Possible explanations for the disproportionate refugee numbers are just “poor excuses,” Rep. Chris Smith (R-N.J.), the chairman of the House’s subcommittee on global human rights.
 
“Clearly, there’s a discriminatory process that excludes Christians,” he told The Hill on Friday. “It needs to be changed.”
 
“The discrimination manifests in that they’re not getting food, the medicines, the shelter that they absolutely deserve,” Smith added. “So it’s twice offended: first by groups like ISIS [the Islamic State in Iraq and Syria] and then as refugees, as they are part of that refugee flow.”
 
UNHCR officials reject the notion that any structural flaws in their systems discriminate against Christian refugees, intentionally or not.
 
Roughly 16 percent of Iraqi refugees who have registered with the UNHCR are Christians, officials noted — far higher than the roughly 1 percent of Iraq that is Christian.
 
“Those are the exact same offices where Syrians would be coming,” said Larry Yungk, a senior resettlement officer with the UNHCR.
 
“If there is an idea of an inhibition [against registering with the UNHCR], it didn’t appear with the Iraqis at the very same offices,” he said.
 
Critics on the right have pointed to anecdotal evidence indicating that Christians feel intimidated in U.N. refugee camps, which might keep them out of the U.N.’s reach.
 
Yet only 15 percent of Syrian refugees are in formal camps.
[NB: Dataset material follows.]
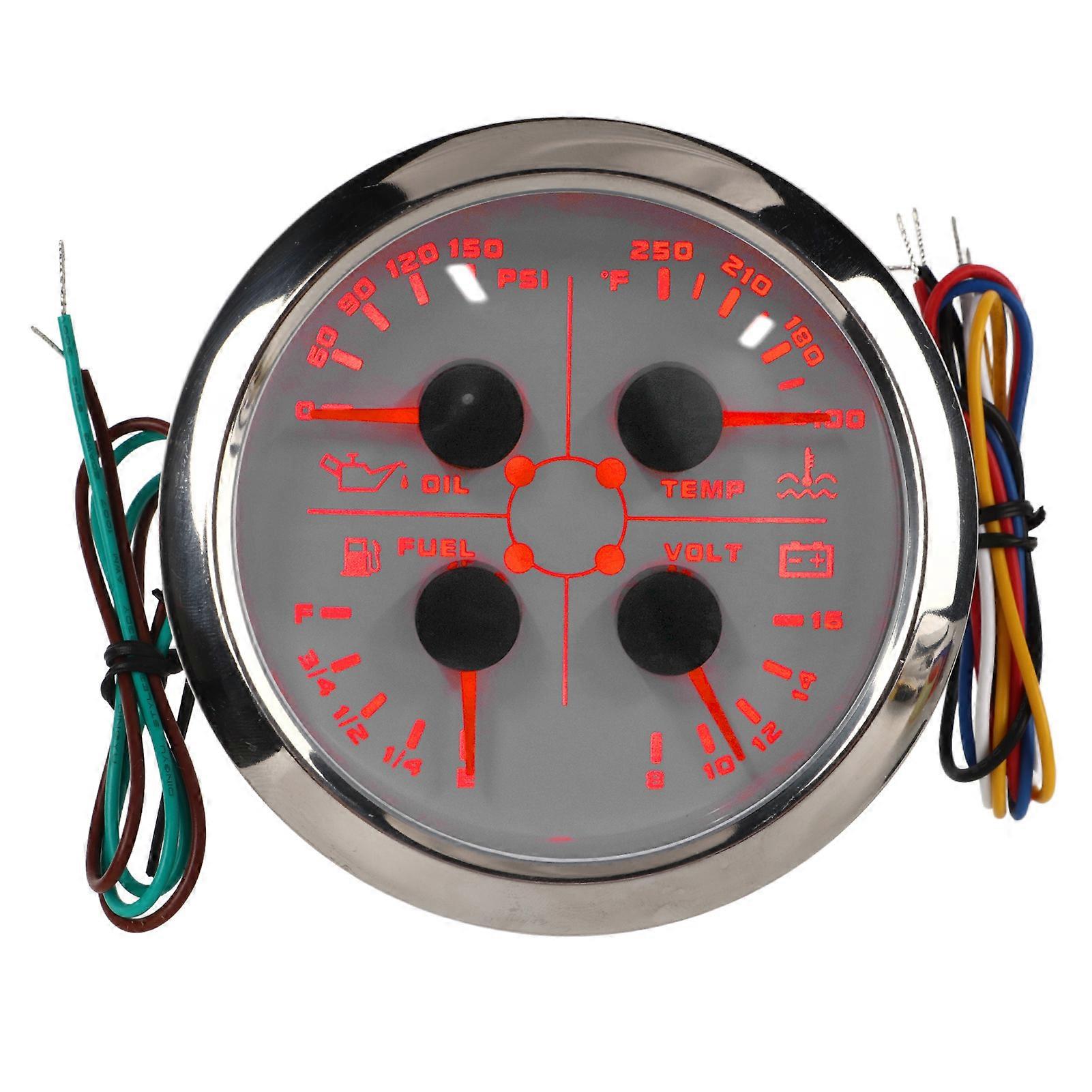 4in1 85mm Guage Multifunction Fuel Level Oil Pressure Water Temp Volt Meter DC 932V for Car RV Boat Motorcycle White Silver /PSI NO.77993

The rest are scattered in cities, towns and makeshift shelters, where they might be receiving U.N. assistance but living alongside the rest of the population.
 
“We have undertaken efforts specifically to both encourage and facilitate registration by all minority groups to make sure they feel comfortable registering,” Mason said. Among other steps, that includes mobile units to meet people in their neighborhoods and working with churches.
 
Critics are undeterred.
 
Multiple lawmakers have called for the Obama administration to declare both Christians and members of the small Yazidi community victims of genocide, which could lead to additional legal levers to support them.
 
Others have openly wondered whether the U.S. ought to turn to outside non-governmental organizations (NGOs) to refer refugees to the State Department, instead of going through the U.N. 
 
“If UNHCR won’t reform itself, well then let’s make sure we have an NGO that can process these people, find them and help to bring them to safety,” Smith said on Friday.
 
“We’re just trying to keep our eye on the ball here,” UNHCR spokesman Chris Boian maintained.
 
“A lot of politics going on — we’re aware of all that,” he said. “But we’re doing everything possible to make sure that Christians, like all religious minorities, and like all refugees, have access to our services on an equal basis.”